— Your goal —
Without the pictures, give the entries below again exactly as written.

Extracted material: Begin

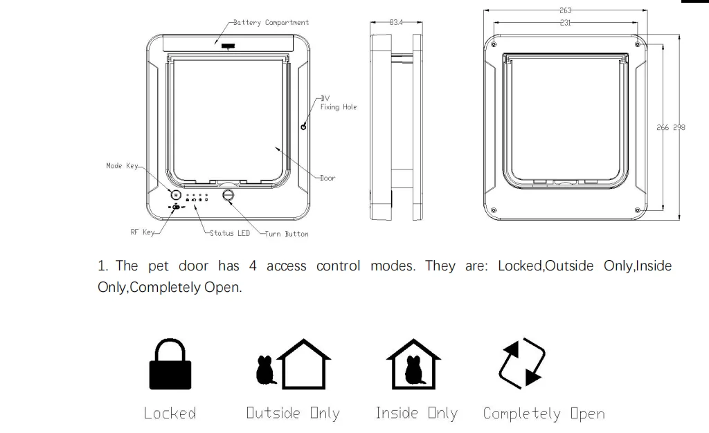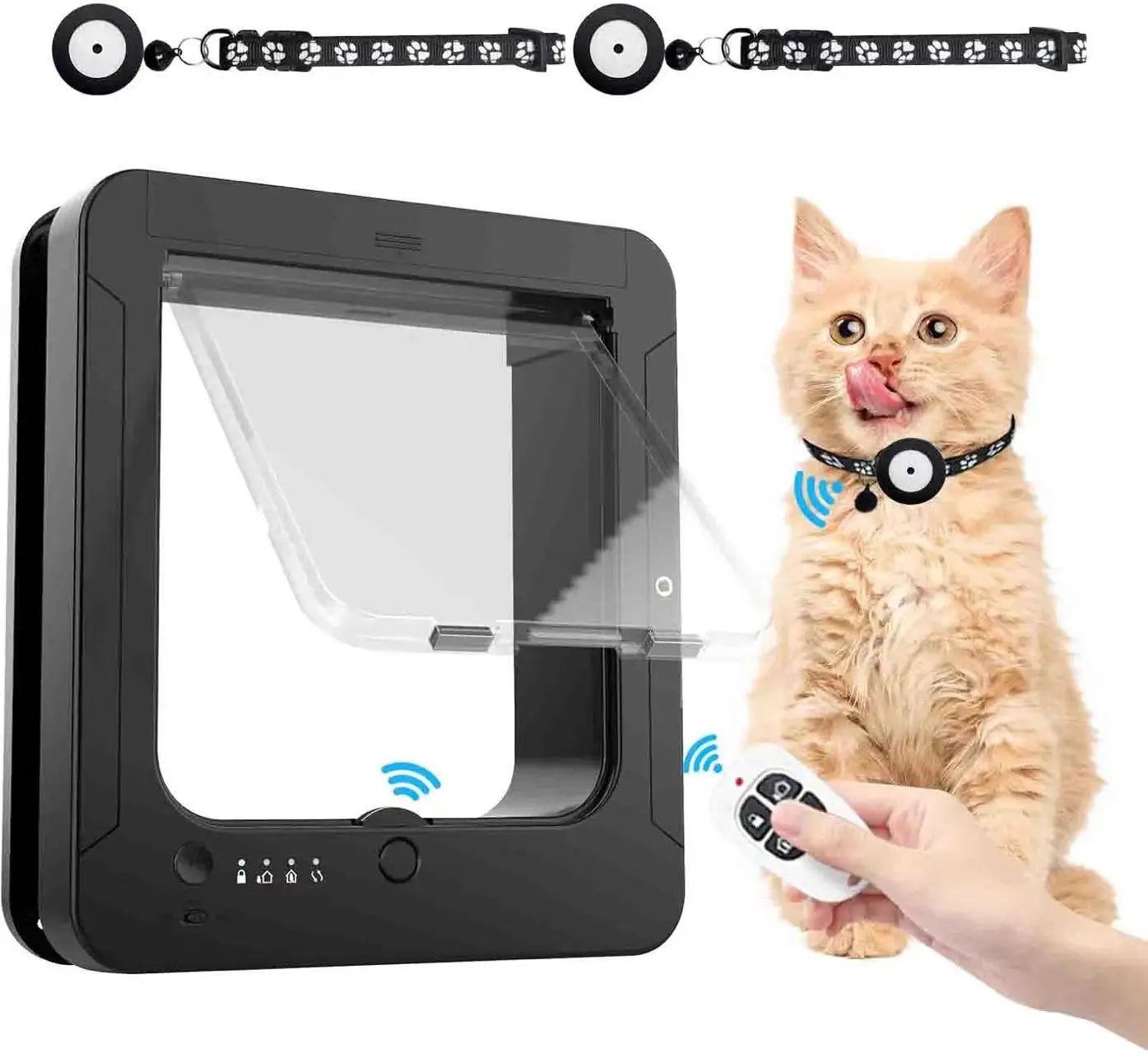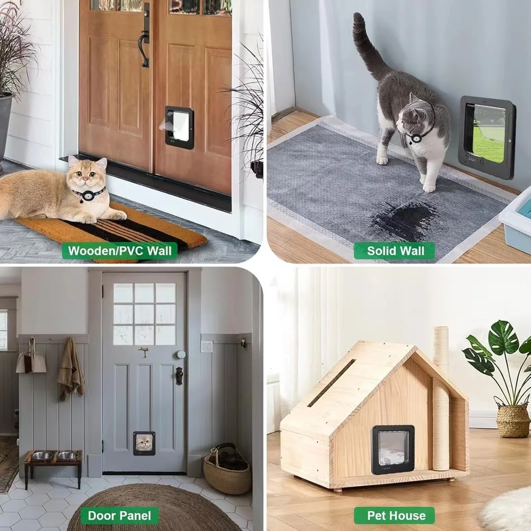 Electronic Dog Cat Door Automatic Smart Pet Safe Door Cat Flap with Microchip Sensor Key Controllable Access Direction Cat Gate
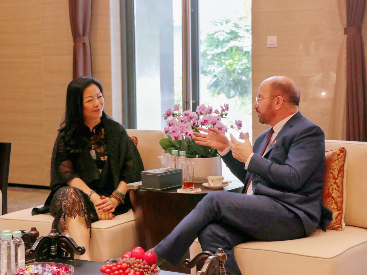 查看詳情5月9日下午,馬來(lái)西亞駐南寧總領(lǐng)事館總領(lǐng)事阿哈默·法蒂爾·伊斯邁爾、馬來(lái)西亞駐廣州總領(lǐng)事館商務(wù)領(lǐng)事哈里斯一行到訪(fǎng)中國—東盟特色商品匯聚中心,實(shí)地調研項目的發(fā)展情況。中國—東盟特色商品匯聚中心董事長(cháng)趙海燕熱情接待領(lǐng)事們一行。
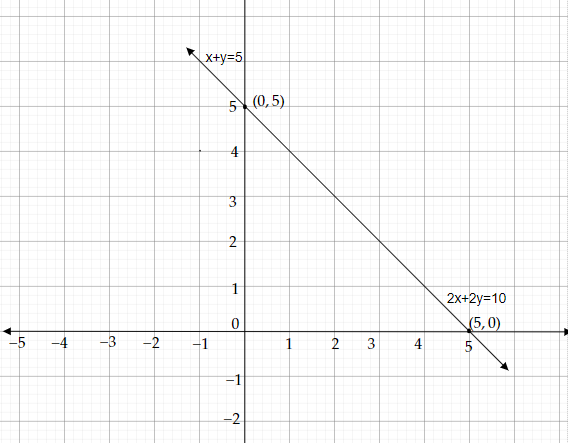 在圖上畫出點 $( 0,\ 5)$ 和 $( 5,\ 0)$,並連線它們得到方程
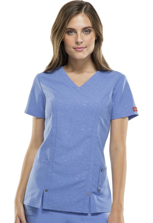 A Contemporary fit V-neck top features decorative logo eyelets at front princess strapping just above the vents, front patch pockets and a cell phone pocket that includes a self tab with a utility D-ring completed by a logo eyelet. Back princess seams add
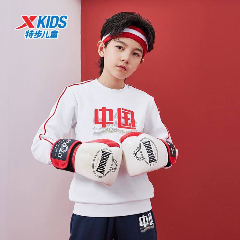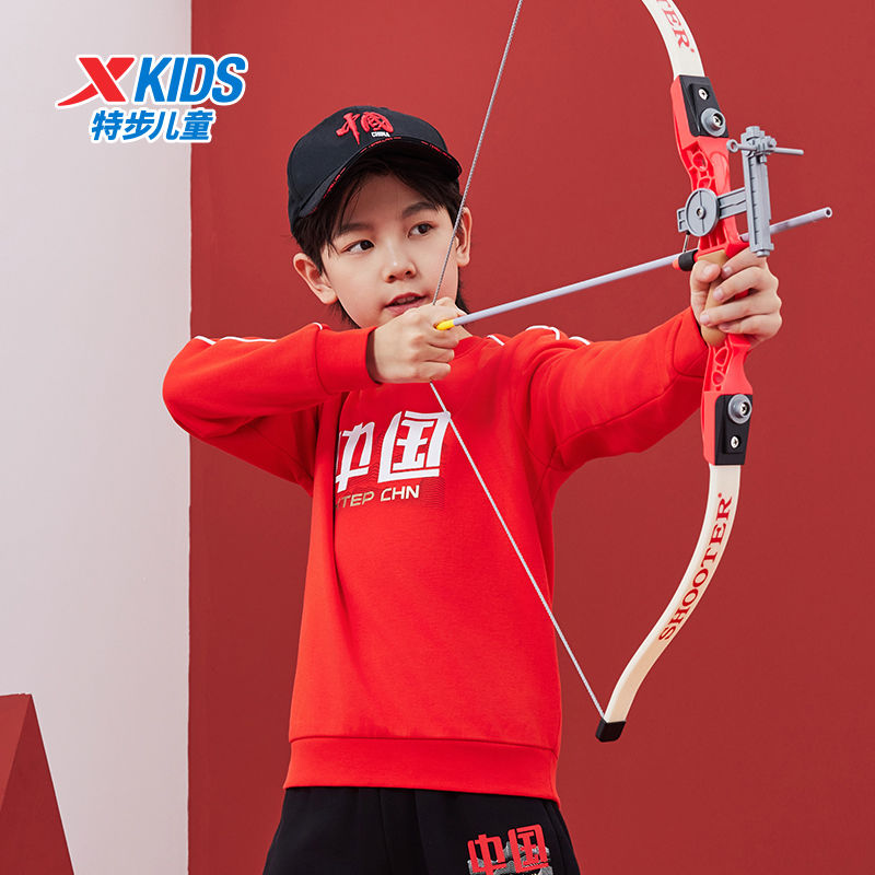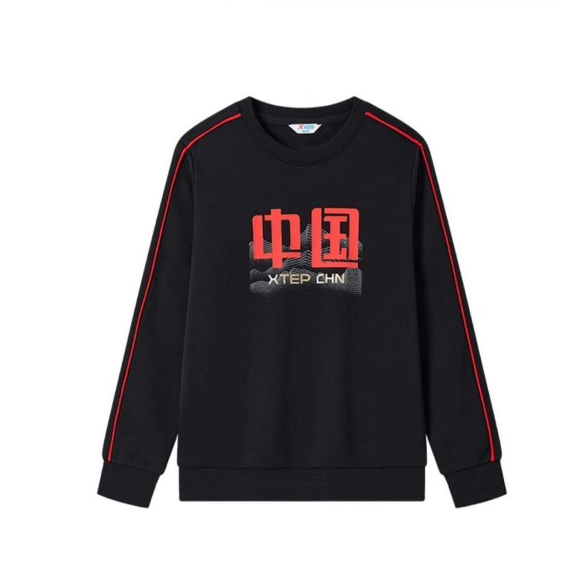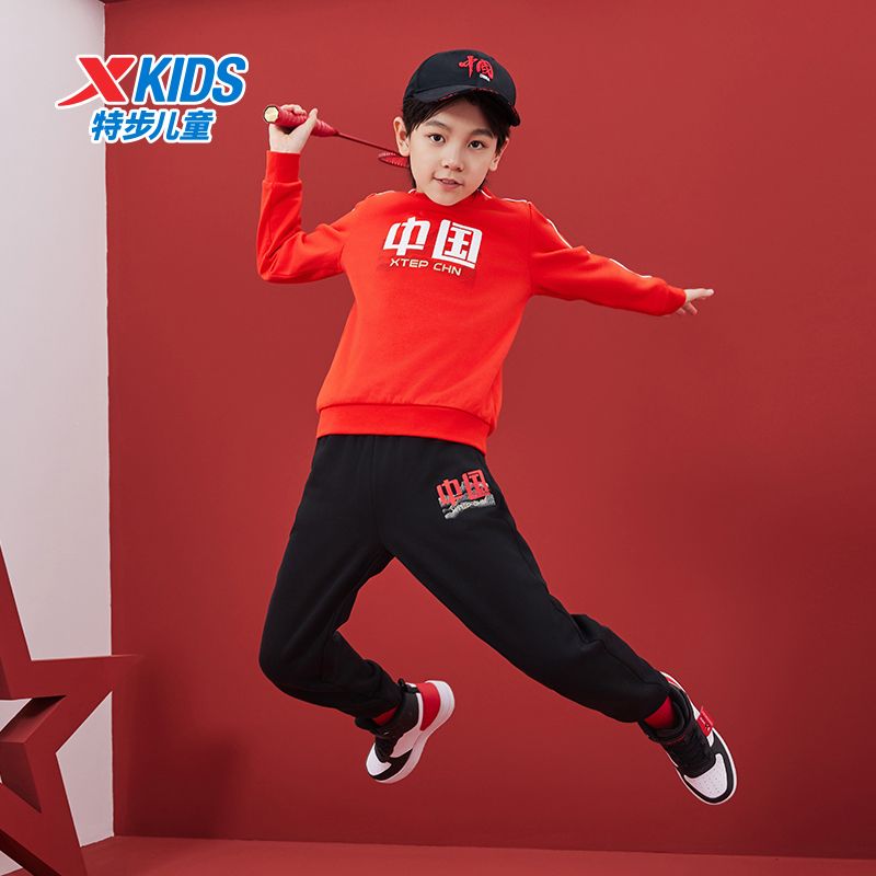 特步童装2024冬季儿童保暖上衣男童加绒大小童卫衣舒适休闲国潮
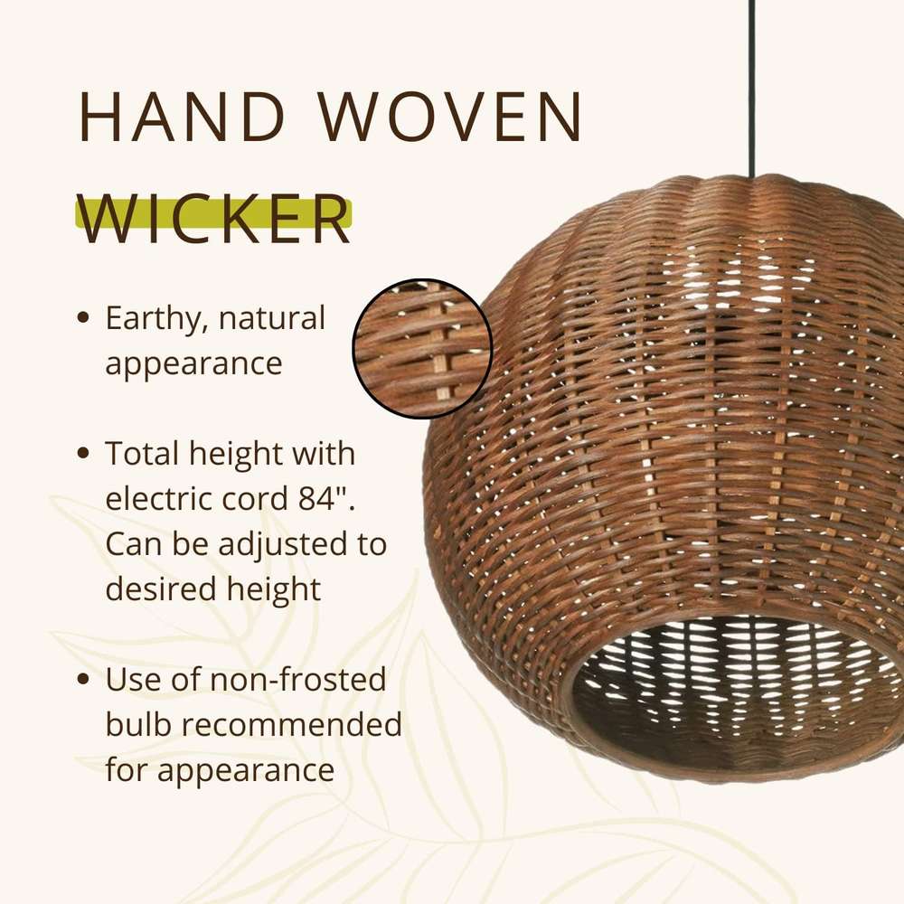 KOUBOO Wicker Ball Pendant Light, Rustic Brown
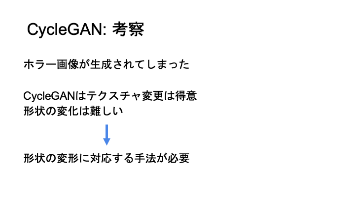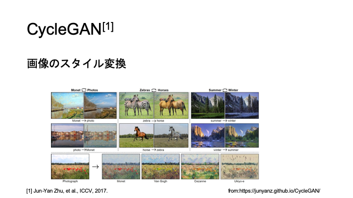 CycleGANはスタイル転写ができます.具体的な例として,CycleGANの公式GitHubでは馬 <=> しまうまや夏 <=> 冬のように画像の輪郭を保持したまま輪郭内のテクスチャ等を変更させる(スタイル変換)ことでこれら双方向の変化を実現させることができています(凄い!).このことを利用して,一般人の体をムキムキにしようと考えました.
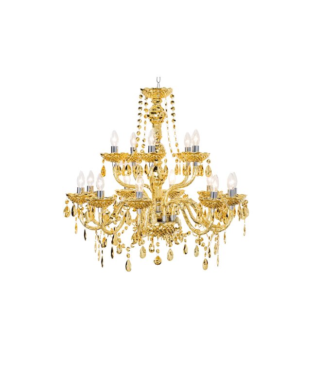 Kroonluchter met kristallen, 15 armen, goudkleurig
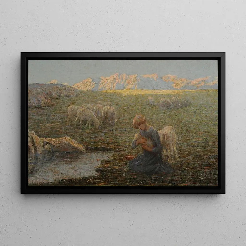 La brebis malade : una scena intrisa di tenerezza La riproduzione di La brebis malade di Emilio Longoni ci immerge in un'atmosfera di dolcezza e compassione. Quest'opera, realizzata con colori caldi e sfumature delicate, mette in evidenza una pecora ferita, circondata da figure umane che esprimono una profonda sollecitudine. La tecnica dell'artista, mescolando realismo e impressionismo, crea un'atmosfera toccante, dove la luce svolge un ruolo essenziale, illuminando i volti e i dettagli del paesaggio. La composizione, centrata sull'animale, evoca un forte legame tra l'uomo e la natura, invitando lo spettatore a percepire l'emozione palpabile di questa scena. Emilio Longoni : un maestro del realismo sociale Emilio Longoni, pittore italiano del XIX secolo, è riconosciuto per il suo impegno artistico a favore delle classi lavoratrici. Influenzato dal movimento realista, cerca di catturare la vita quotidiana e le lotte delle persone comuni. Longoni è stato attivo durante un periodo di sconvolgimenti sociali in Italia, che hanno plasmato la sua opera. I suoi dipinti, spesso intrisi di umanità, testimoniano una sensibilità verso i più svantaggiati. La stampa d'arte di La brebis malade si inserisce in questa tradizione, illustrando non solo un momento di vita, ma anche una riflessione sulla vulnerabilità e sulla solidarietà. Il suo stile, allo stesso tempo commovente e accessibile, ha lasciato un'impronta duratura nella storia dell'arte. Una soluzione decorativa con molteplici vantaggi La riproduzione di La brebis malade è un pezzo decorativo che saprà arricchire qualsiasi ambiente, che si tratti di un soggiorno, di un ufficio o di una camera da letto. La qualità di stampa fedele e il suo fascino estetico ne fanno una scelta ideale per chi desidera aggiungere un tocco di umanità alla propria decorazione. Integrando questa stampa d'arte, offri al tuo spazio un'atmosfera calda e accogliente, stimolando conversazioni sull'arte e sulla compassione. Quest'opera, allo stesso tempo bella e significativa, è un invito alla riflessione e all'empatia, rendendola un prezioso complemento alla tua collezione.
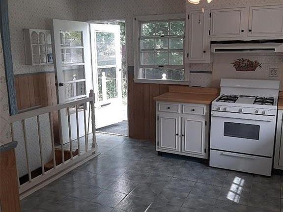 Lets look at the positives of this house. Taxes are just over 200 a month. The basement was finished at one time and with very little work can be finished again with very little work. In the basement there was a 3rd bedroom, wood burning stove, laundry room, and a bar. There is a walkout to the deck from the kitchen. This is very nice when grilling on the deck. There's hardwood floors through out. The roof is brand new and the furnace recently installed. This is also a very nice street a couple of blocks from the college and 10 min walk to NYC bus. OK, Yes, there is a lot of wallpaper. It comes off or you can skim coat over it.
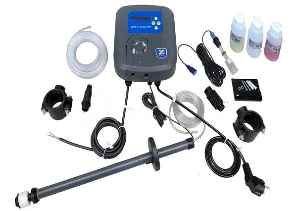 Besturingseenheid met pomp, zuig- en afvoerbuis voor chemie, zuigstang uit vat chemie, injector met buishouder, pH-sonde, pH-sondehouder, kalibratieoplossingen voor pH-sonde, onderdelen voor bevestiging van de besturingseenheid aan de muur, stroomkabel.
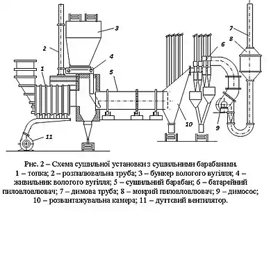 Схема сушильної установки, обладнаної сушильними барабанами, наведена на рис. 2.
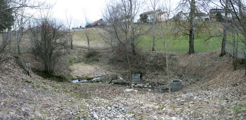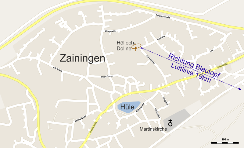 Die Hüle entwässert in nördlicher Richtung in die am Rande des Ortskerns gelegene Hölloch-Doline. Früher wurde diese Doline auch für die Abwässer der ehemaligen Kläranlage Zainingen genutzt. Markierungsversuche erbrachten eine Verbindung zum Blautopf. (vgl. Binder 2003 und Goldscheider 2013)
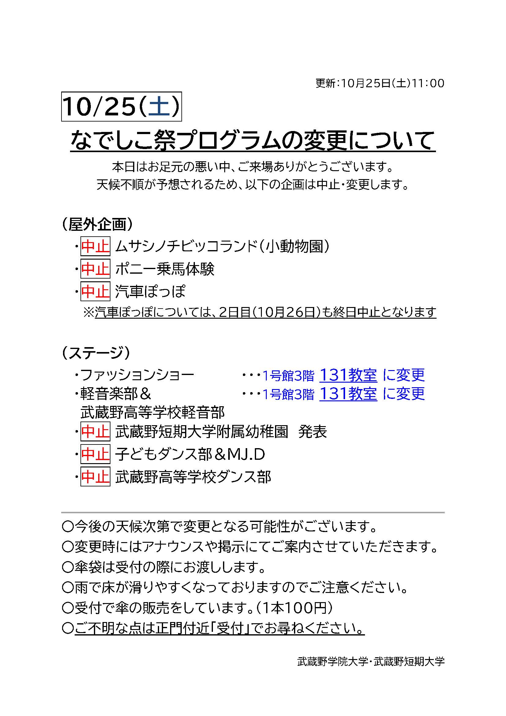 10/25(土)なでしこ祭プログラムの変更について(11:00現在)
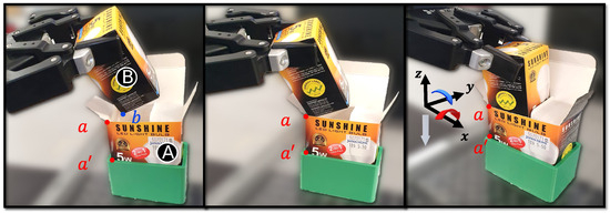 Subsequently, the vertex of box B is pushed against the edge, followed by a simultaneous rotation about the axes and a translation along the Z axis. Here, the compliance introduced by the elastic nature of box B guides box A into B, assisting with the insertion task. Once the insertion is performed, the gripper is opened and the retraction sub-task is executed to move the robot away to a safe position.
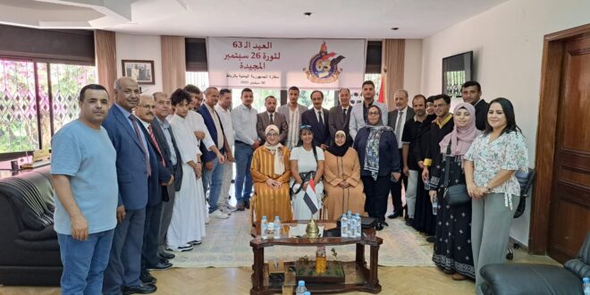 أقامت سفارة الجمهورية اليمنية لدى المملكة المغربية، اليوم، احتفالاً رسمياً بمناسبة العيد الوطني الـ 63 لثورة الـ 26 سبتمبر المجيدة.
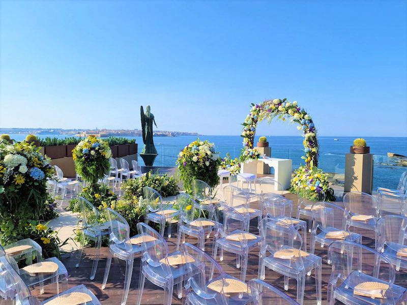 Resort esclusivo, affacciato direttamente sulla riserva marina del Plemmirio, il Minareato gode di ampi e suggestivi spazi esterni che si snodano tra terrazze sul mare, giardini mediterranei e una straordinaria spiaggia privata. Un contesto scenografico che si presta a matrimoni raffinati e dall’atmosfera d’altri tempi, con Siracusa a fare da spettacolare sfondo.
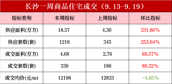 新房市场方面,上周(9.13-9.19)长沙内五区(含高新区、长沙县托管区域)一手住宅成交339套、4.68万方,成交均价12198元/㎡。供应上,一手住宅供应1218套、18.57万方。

Extracted material: End

— Problem solution —
 Electronic Dog Cat Door Automatic Smart Pet Safe Door Cat Flap with Microchip Sensor Key Controllable Access Direction Cat Gate
 查看詳情5月9日下午,馬來(lái)西亞駐南寧總領(lǐng)事館總領(lǐng)事阿哈默·法蒂爾·伊斯邁爾、馬來(lái)西亞駐廣州總領(lǐng)事館商務(wù)領(lǐng)事哈里斯一行到訪(fǎng)中國—東盟特色商品匯聚中心,實(shí)地調研項目的發(fā)展情況。中國—東盟特色商品匯聚中心董事長(cháng)趙海燕熱情接待領(lǐng)事們一行。
 在圖上畫出點 $( 0,\ 5)$ 和 $( 5,\ 0)$,並連線它們得到方程
 A Contemporary fit V-neck top features decorative logo eyelets at front princess strapping just above the vents, front patch pockets and a cell phone pocket that includes a self tab with a utility D-ring completed by a logo eyelet. Back princess seams add
 特步童装2024冬季儿童保暖上衣男童加绒大小童卫衣舒适休闲国潮
 KOUBOO Wicker Ball Pendant Light, Rustic Brown
 CycleGANはスタイル転写ができます.具体的な例として,CycleGANの公式GitHubでは馬 <=> しまうまや夏 <=> 冬のように画像の輪郭を保持したまま輪郭内のテクスチャ等を変更させる(スタイル変換)ことでこれら双方向の変化を実現させることができています(凄い!).このことを利用して,一般人の体をムキムキにしようと考えました.
 Kroonluchter met kristallen, 15 armen, goudkleurig
 La brebis malade : una scena intrisa di tenerezza La riproduzione di La brebis malade di Emilio Longoni ci immerge in un'atmosfera di dolcezza e compassione. Quest'opera, realizzata con colori caldi e sfumature delicate, mette in evidenza una pecora ferita, circondata da figure umane che esprimono una profonda sollecitudine. La tecnica dell'artista, mescolando realismo e impressionismo, crea un'atmosfera toccante, dove la luce svolge un ruolo essenziale, illuminando i volti e i dettagli del paesaggio. La composizione, centrata sull'animale, evoca un forte legame tra l'uomo e la natura, invitando lo spettatore a percepire l'emozione palpabile di questa scena. Emilio Longoni : un maestro del realismo sociale Emilio Longoni, pittore italiano del XIX secolo, è riconosciuto per il suo impegno artistico a favore delle classi lavoratrici. Influenzato dal movimento realista, cerca di catturare la vita quotidiana e le lotte delle persone comuni. Longoni è stato attivo durante un periodo di sconvolgimenti sociali in Italia, che hanno plasmato la sua opera. I suoi dipinti, spesso intrisi di umanità, testimoniano una sensibilità verso i più svantaggiati. La stampa d'arte di La brebis malade si inserisce in questa tradizione, illustrando non solo un momento di vita, ma anche una riflessione sulla vulnerabilità e sulla solidarietà. Il suo stile, allo stesso tempo commovente e accessibile, ha lasciato un'impronta duratura nella storia dell'arte. Una soluzione decorativa con molteplici vantaggi La riproduzione di La brebis malade è un pezzo decorativo che saprà arricchire qualsiasi ambiente, che si tratti di un soggiorno, di un ufficio o di una camera da letto. La qualità di stampa fedele e il suo fascino estetico ne fanno una scelta ideale per chi desidera aggiungere un tocco di umanità alla propria decorazione. Integrando questa stampa d'arte, offri al tuo spazio un'atmosfera calda e accogliente, stimolando conversazioni sull'arte e sulla compassione. Quest'opera, allo stesso tempo bella e significativa, è un invito alla riflessione e all'empatia, rendendola un prezioso complemento alla tua collezione.
 Lets look at the positives of this house. Taxes are just over 200 a month. The basement was finished at one time and with very little work can be finished again with very little work. In the basement there was a 3rd bedroom, wood burning stove, laundry room, and a bar. There is a walkout to the deck from the kitchen. This is very nice when grilling on the deck. There's hardwood floors through out. The roof is brand new and the furnace recently installed. This is also a very nice street a couple of blocks from the college and 10 min walk to NYC bus. OK, Yes, there is a lot of wallpaper. It comes off or you can skim coat over it.
 Besturingseenheid met pomp, zuig- en afvoerbuis voor chemie, zuigstang uit vat chemie, injector met buishouder, pH-sonde, pH-sondehouder, kalibratieoplossingen voor pH-sonde, onderdelen voor bevestiging van de besturingseenheid aan de muur, stroomkabel.
 Схема сушильної установки, обладнаної сушильними барабанами, наведена на рис. 2.
 Die Hüle entwässert in nördlicher Richtung in die am Rande des Ortskerns gelegene Hölloch-Doline. Früher wurde diese Doline auch für die Abwässer der ehemaligen Kläranlage Zainingen genutzt. Markierungsversuche erbrachten eine Verbindung zum Blautopf. (vgl. Binder 2003 und Goldscheider 2013)
 10/25(土)なでしこ祭プログラムの変更について(11:00現在)
 Subsequently, the vertex of box B is pushed against the edge, followed by a simultaneous rotation about the axes and a translation along the Z axis. Here, the compliance introduced by the elastic nature of box B guides box A into B, assisting with the insertion task. Once the insertion is performed, the gripper is opened and the retraction sub-task is executed to move the robot away to a safe position.
 أقامت سفارة الجمهورية اليمنية لدى المملكة المغربية، اليوم، احتفالاً رسمياً بمناسبة العيد الوطني الـ 63 لثورة الـ 26 سبتمبر المجيدة.
 Resort esclusivo, affacciato direttamente sulla riserva marina del Plemmirio, il Minareato gode di ampi e suggestivi spazi esterni che si snodano tra terrazze sul mare, giardini mediterranei e una straordinaria spiaggia privata. Un contesto scenografico che si presta a matrimoni raffinati e dall’atmosfera d’altri tempi, con Siracusa a fare da spettacolare sfondo.
 新房市场方面,上周(9.13-9.19)长沙内五区(含高新区、长沙县托管区域)一手住宅成交339套、4.68万方,成交均价12198元/㎡。供应上,一手住宅供应1218套、18.57万方。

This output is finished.